- [INFORMATION GIVEN]:
┌────────

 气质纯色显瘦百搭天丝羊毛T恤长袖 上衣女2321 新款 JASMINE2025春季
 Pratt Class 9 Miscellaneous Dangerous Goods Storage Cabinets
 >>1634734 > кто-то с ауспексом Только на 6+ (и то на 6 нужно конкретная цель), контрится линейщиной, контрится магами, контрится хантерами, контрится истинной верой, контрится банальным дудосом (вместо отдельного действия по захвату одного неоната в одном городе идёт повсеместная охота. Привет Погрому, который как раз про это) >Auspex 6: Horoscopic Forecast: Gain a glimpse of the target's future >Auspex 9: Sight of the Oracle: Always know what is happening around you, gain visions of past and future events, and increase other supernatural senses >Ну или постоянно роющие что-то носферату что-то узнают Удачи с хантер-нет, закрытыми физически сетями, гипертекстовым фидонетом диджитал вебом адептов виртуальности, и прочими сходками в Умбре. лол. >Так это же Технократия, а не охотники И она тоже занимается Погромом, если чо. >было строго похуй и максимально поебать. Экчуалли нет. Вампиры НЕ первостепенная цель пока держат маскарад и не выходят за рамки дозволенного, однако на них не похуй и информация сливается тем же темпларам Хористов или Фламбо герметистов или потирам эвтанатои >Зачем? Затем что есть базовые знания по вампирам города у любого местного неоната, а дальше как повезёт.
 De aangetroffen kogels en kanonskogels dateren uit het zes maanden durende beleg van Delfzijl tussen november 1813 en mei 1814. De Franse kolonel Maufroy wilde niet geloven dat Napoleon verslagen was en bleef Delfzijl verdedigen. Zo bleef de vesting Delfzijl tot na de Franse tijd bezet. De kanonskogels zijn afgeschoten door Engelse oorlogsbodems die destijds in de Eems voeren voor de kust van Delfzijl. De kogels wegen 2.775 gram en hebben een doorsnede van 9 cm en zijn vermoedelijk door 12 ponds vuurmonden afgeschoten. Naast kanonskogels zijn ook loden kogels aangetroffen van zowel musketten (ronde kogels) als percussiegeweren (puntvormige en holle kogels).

└────────
┌────────

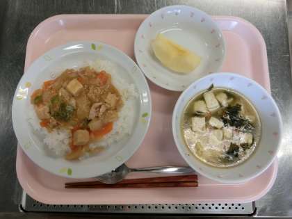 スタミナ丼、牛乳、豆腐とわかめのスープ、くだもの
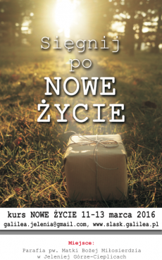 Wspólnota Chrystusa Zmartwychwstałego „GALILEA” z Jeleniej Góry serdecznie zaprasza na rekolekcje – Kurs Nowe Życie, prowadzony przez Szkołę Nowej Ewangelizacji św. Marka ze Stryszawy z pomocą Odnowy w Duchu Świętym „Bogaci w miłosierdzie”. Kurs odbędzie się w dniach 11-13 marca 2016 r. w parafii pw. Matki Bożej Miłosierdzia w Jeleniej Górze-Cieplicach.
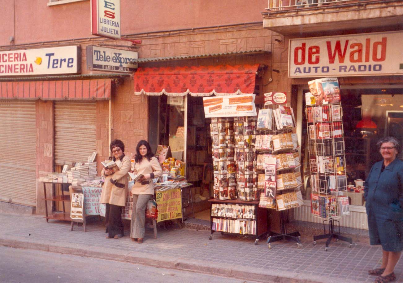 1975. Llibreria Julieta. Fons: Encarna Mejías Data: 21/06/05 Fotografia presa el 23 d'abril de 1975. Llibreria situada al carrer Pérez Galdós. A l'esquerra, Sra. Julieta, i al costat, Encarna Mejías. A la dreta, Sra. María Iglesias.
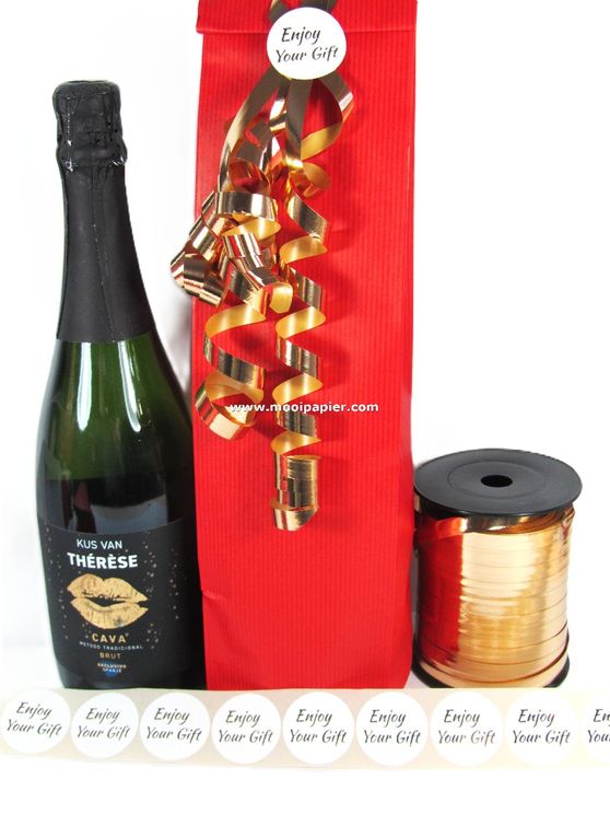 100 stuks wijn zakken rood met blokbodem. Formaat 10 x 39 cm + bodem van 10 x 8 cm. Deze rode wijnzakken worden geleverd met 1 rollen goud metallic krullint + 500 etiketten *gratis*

└────────

- [AIM OF THE TASK]: Take from the material above the lines running from the one with "气质纯色显瘦百搭天丝羊毛T恤长袖 上衣女2321 新款 JASMINE2025春季" through the one with "Pratt Class 9", and repeat them exactly, with nothing else.

- [TASK SOLUTION]:
 气质纯色显瘦百搭天丝羊毛T恤长袖 上衣女2321 新款 JASMINE2025春季
 Pratt Class 9 Miscellaneous Dangerous Goods Storage Cabinets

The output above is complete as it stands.